И то, что раньше только боязнью будоражило душу, то, что он гнал от себя убеждением, что такого сроду не бывало и быть не может, то страшное, что и представить только было жутко, показалось ему чуть ли не совершавшимся наяву.

Чтобы скорее прийти домой и не попасться никому на глаза, шел он прямиком лесом и был теперь порядочно в стороне от дороги. Ни живой души кругом! И это было кстати. Как захватило его это чувство надвигавшейся беды, перед глазами все пошло кругом. Остановился, чувствуя, что ноги слабнут, опустился на землю и замер, точно пришибленный на месте.

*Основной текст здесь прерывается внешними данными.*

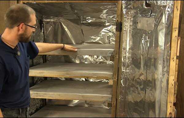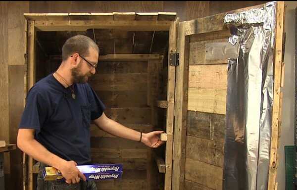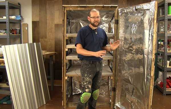 La línea interior de la casa de humo con papel de aluminio resistente. Hacer que la estructura como el aire apretado como sea posible. Vaya a utilizar 2 o 3 rollos de papel de aluminio. Utilice una pistola de grapas para sujetar el papel para las paredes.

Знал он, что бывает, если придет враг. Видывал и пожары, и трупы, и казни. Да что там говорить!.. Ощущение надвигавшейся беды терзало его. Мысли метались с одного на другое.

«А они что знают-понимают?.. — как всегда, подумалось прежде всего о внуках. — Придут, все сожгут, разорят, изгадят. Зима скоро, погоришь — куда денешься? Остатнего лишишься. И ни права тебе, ни защиты, ни помощи. А скотный только прошлый год построили, тоже сгорит. А с Александрой как же теперь жить? Она ведь, как глянет, сейчас же вызнает: что-то не так, а надо молчать! Миша! Знал бы ты! — подумал он о сыне. — Хоть опереться бы на кого было. Сынок!..»

Какой-то особенно скрипяще-неприятный крик, видать, старого ворона, раздался у него над головой.

Старик вздохнул и поднял голову. Высоко, на огромной, конусом уходящей в небо ели, сидела черная птица и поглядывала на него.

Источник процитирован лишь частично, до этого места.